Below are some records. Write out exactly their lines from the one with "农业农村部乡村产业发展司(农产品加工指导司) 制造业 2024年 PDF 1.87 MB" through the one with "清見寺を分断するJR東海道本線と踏切(2019年10月、小川裕夫撮影)。", and leave the pictures behind.

□ □ □

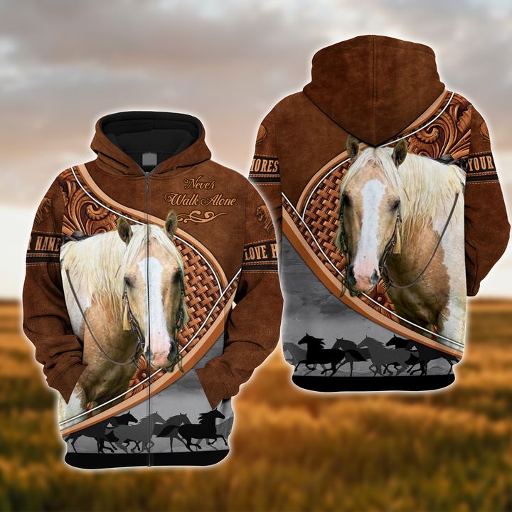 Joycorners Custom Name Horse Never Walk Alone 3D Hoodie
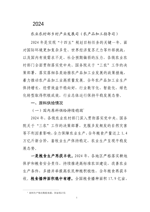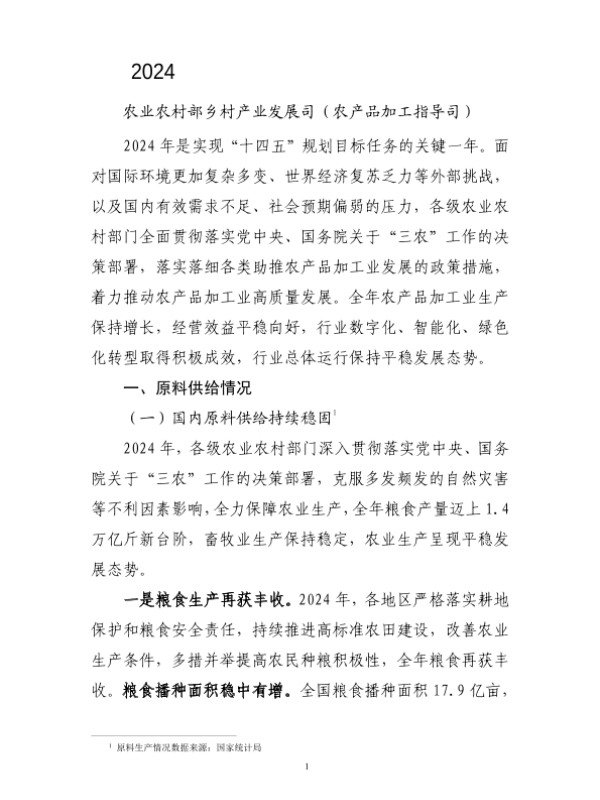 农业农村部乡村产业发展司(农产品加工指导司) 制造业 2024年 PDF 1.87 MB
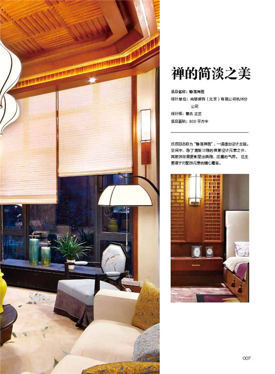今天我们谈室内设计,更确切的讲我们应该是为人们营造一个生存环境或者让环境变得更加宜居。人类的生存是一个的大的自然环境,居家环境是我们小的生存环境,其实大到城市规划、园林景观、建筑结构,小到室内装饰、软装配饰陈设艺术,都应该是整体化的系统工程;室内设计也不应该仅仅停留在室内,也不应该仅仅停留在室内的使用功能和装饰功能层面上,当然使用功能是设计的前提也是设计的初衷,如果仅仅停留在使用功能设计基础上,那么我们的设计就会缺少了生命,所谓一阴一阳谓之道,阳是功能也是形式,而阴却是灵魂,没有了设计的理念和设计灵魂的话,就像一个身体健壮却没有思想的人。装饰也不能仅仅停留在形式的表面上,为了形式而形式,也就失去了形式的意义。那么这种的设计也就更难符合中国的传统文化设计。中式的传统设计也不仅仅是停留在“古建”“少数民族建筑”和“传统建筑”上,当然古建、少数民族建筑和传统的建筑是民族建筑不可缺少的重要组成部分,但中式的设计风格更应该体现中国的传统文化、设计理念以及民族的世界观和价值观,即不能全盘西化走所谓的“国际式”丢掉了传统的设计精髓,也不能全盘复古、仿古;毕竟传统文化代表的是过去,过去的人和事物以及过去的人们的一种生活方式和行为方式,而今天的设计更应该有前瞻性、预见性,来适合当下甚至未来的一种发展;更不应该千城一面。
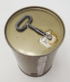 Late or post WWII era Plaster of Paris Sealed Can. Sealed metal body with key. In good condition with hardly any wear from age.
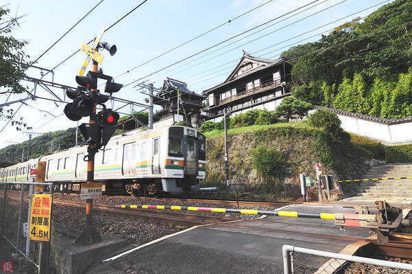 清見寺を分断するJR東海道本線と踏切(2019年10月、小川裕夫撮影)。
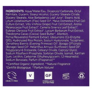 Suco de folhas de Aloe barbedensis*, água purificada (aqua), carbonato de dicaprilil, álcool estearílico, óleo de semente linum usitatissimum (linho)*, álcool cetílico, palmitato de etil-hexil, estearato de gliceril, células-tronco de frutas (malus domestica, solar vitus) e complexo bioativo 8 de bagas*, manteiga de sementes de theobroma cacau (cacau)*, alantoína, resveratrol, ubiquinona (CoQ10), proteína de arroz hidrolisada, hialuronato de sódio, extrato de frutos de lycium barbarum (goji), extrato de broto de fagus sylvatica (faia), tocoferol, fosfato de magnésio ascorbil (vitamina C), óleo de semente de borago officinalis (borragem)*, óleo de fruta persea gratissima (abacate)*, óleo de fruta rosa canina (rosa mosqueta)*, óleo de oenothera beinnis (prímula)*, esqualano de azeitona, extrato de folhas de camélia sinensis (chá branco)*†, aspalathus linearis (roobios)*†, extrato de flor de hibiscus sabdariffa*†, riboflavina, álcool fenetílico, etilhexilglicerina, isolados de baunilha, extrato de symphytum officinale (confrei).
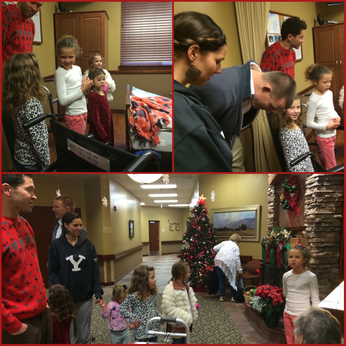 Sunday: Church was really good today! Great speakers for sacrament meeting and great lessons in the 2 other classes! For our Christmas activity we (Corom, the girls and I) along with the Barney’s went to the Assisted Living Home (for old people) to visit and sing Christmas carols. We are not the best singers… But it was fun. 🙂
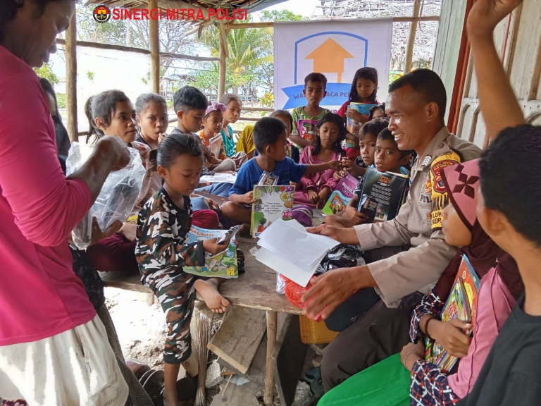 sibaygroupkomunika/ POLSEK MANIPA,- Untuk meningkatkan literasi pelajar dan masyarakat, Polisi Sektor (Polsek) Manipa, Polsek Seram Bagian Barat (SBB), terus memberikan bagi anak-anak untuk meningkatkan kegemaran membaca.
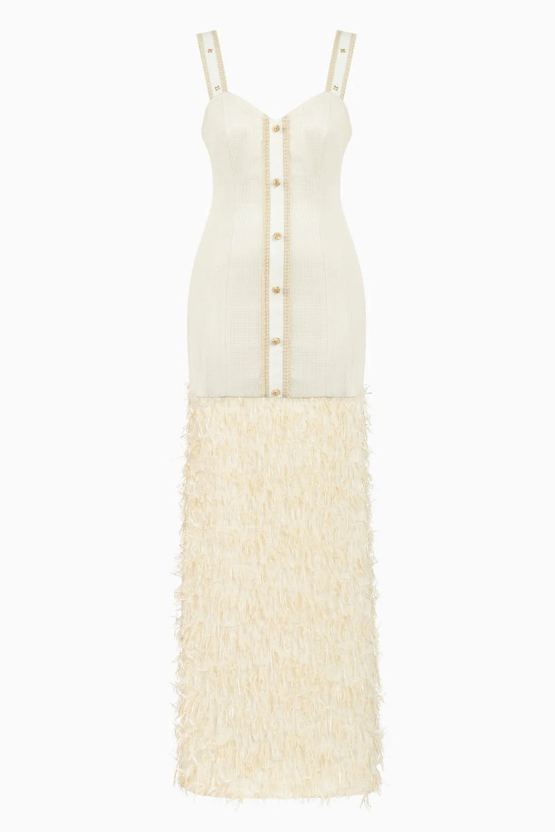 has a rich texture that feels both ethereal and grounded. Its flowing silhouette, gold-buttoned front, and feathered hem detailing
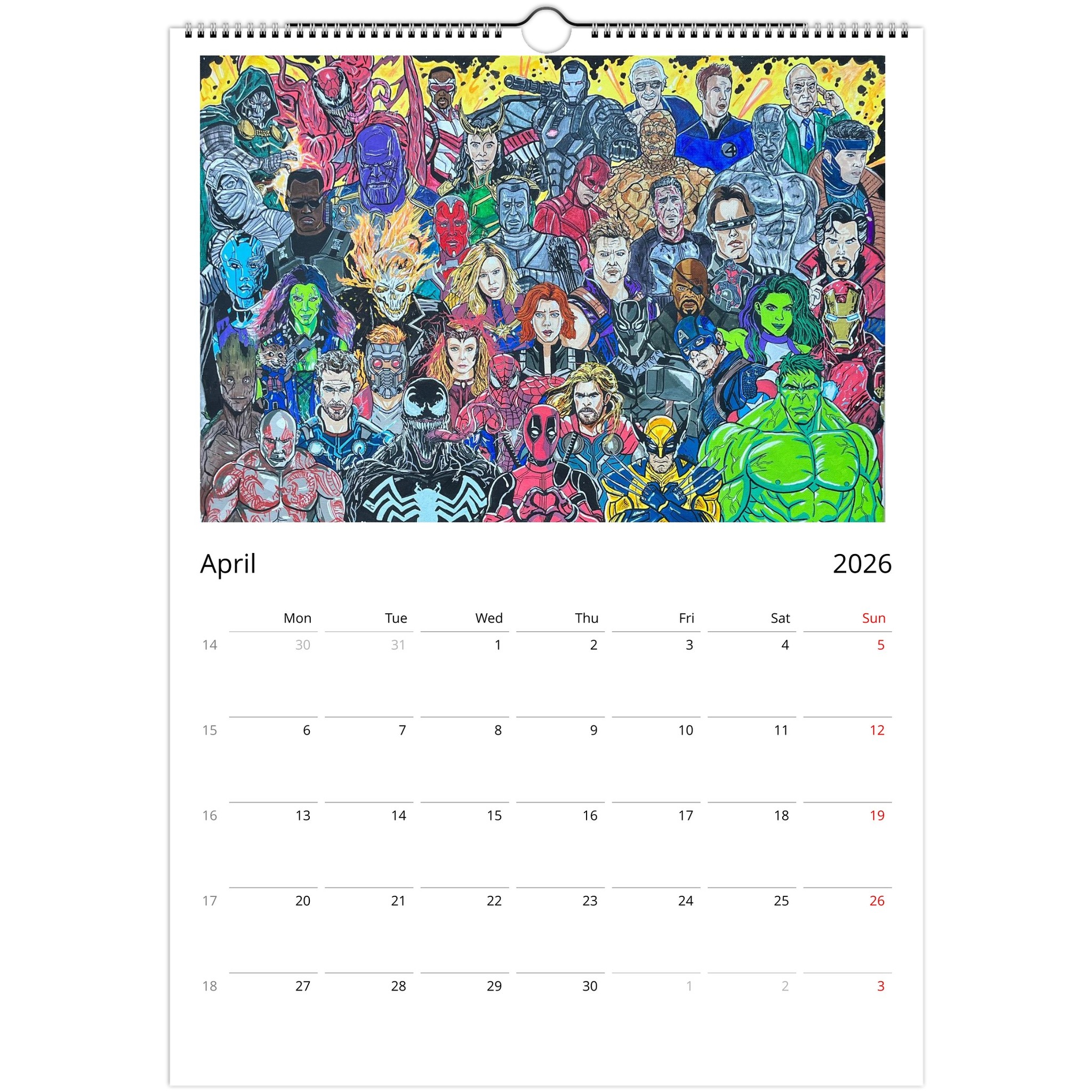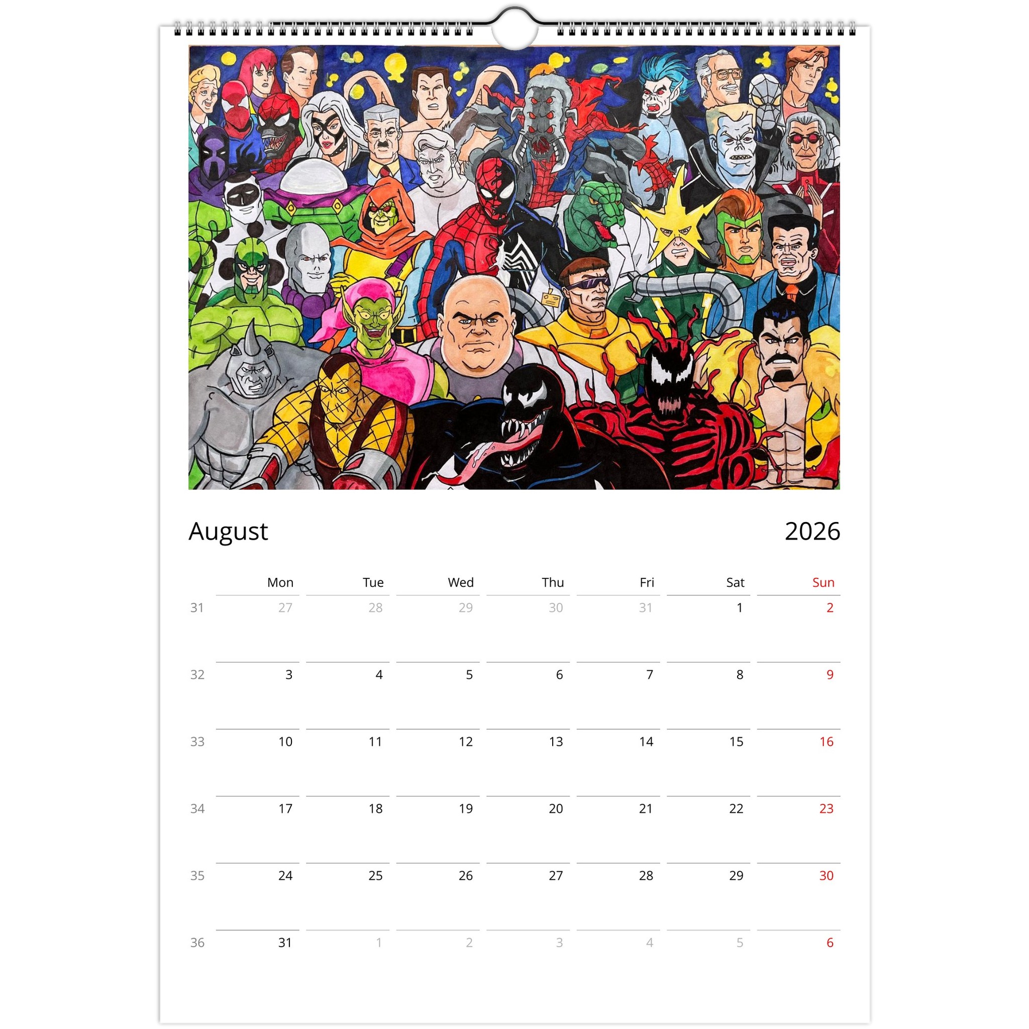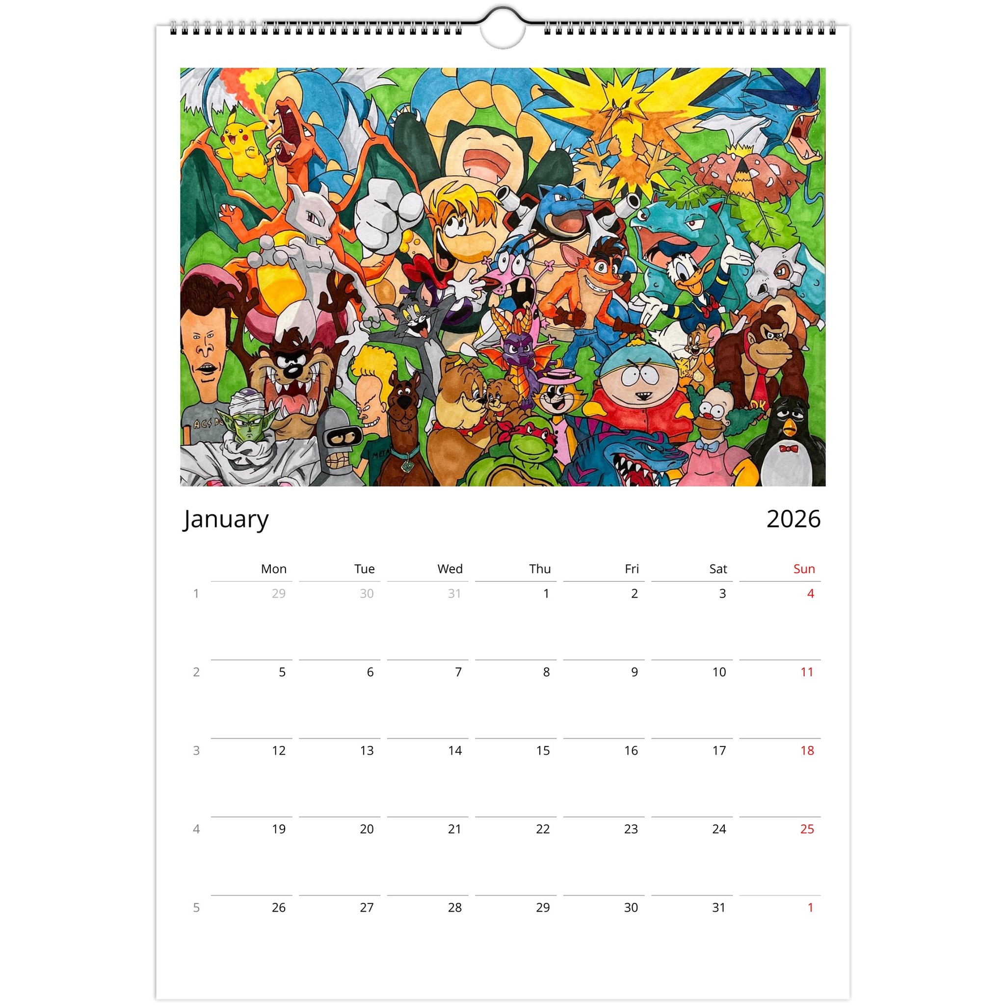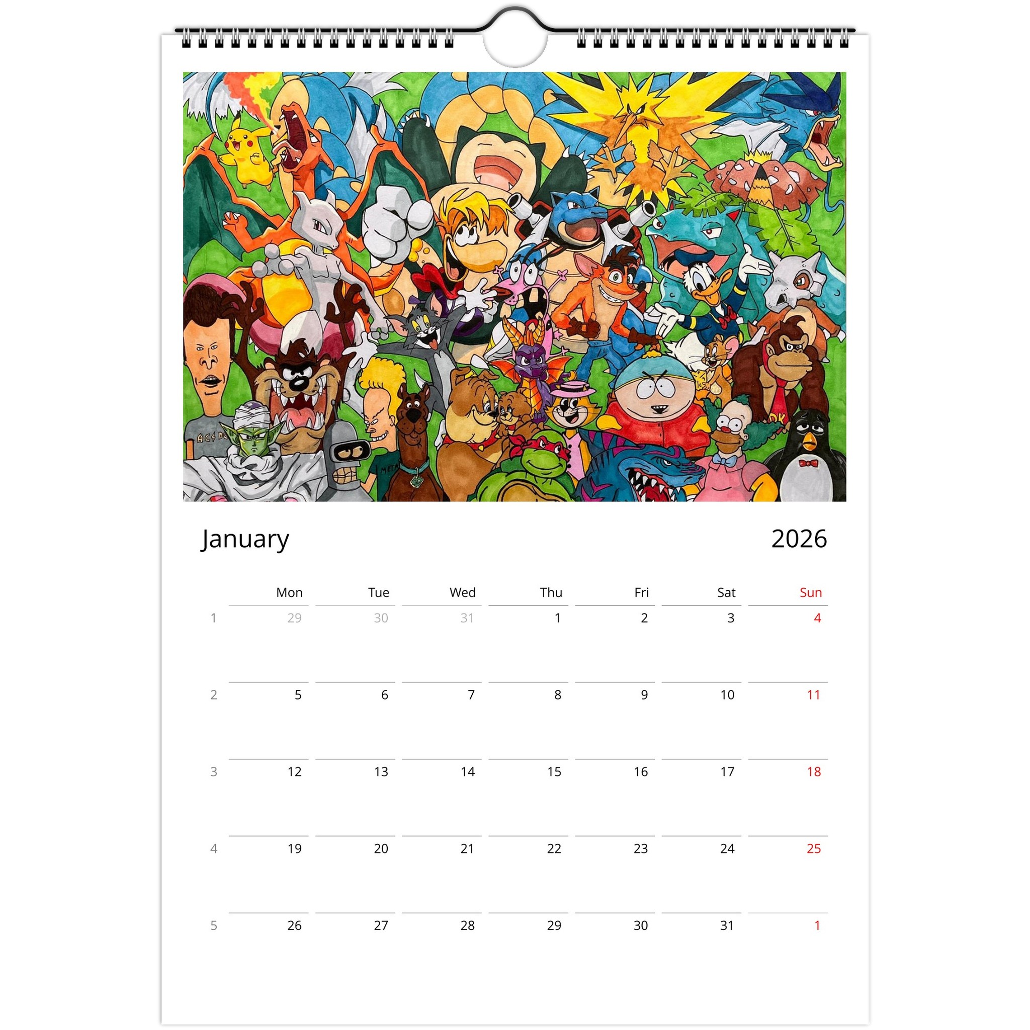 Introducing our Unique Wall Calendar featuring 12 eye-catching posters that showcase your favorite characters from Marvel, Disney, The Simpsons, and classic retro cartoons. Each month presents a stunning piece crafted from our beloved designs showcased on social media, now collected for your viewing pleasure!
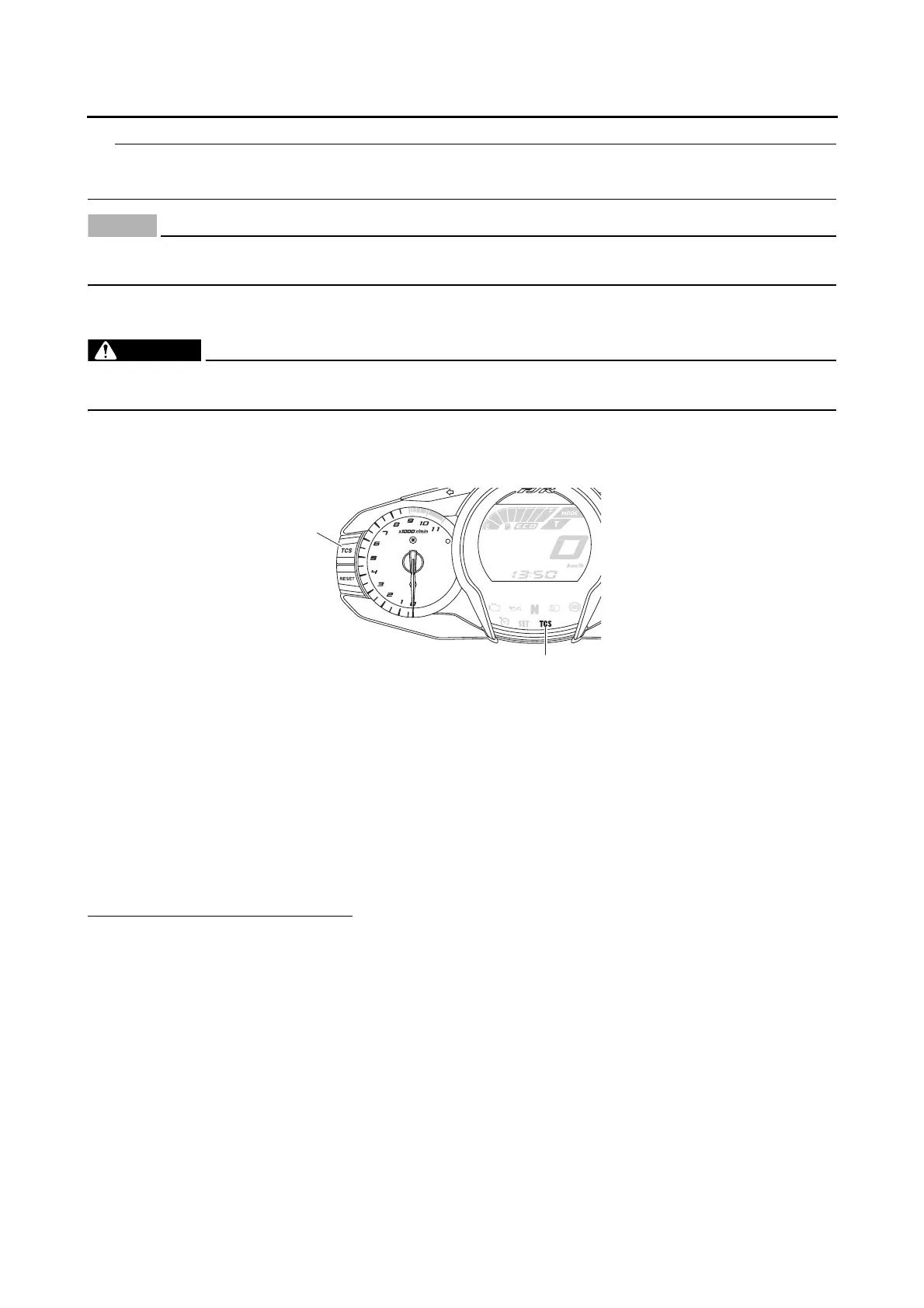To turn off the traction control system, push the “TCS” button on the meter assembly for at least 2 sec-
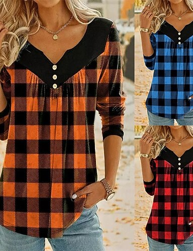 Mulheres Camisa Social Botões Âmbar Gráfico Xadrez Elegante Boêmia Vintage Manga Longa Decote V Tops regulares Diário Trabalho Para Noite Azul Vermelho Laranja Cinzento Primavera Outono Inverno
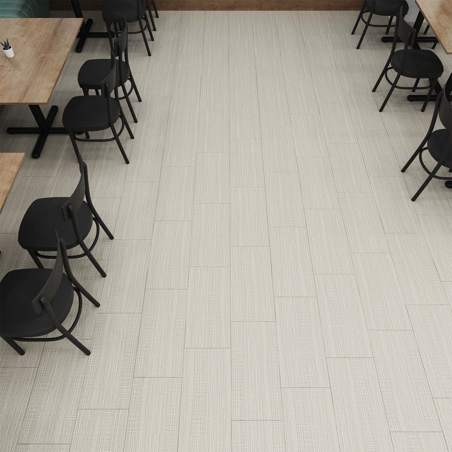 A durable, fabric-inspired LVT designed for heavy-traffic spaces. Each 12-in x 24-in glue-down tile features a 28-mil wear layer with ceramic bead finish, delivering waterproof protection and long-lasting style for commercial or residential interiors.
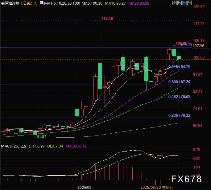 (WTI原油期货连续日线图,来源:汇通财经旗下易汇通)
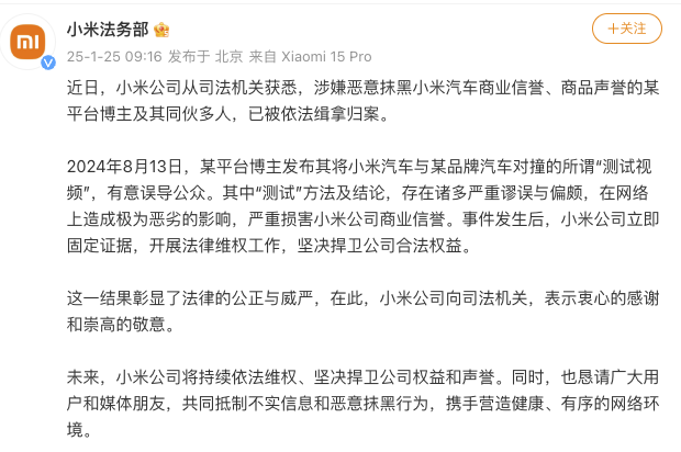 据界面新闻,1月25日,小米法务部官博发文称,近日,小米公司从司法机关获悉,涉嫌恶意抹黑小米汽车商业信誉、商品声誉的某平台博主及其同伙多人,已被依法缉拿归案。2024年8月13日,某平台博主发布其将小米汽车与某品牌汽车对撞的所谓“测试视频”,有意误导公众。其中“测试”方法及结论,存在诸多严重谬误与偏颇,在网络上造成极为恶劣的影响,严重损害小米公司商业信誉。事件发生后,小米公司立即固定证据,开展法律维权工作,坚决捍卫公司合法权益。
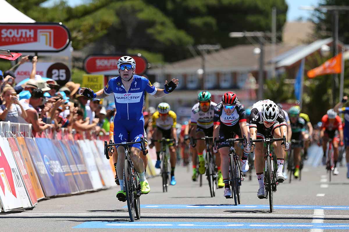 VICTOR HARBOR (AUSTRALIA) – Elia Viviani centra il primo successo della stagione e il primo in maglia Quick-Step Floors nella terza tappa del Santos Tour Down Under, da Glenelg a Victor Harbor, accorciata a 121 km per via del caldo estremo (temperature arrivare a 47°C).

□ □ □

● YOUR SOLUTION:
 农业农村部乡村产业发展司(农产品加工指导司) 制造业 2024年 PDF 1.87 MB
今天我们谈室内设计,更确切的讲我们应该是为人们营造一个生存环境或者让环境变得更加宜居。人类的生存是一个的大的自然环境,居家环境是我们小的生存环境,其实大到城市规划、园林景观、建筑结构,小到室内装饰、软装配饰陈设艺术,都应该是整体化的系统工程;室内设计也不应该仅仅停留在室内,也不应该仅仅停留在室内的使用功能和装饰功能层面上,当然使用功能是设计的前提也是设计的初衷,如果仅仅停留在使用功能设计基础上,那么我们的设计就会缺少了生命,所谓一阴一阳谓之道,阳是功能也是形式,而阴却是灵魂,没有了设计的理念和设计灵魂的话,就像一个身体健壮却没有思想的人。装饰也不能仅仅停留在形式的表面上,为了形式而形式,也就失去了形式的意义。那么这种的设计也就更难符合中国的传统文化设计。中式的传统设计也不仅仅是停留在“古建”“少数民族建筑”和“传统建筑”上,当然古建、少数民族建筑和传统的建筑是民族建筑不可缺少的重要组成部分,但中式的设计风格更应该体现中国的传统文化、设计理念以及民族的世界观和价值观,即不能全盘西化走所谓的“国际式”丢掉了传统的设计精髓,也不能全盘复古、仿古;毕竟传统文化代表的是过去,过去的人和事物以及过去的人们的一种生活方式和行为方式,而今天的设计更应该有前瞻性、预见性,来适合当下甚至未来的一种发展;更不应该千城一面。
 Late or post WWII era Plaster of Paris Sealed Can. Sealed metal body with key. In good condition with hardly any wear from age.
 清見寺を分断するJR東海道本線と踏切(2019年10月、小川裕夫撮影)。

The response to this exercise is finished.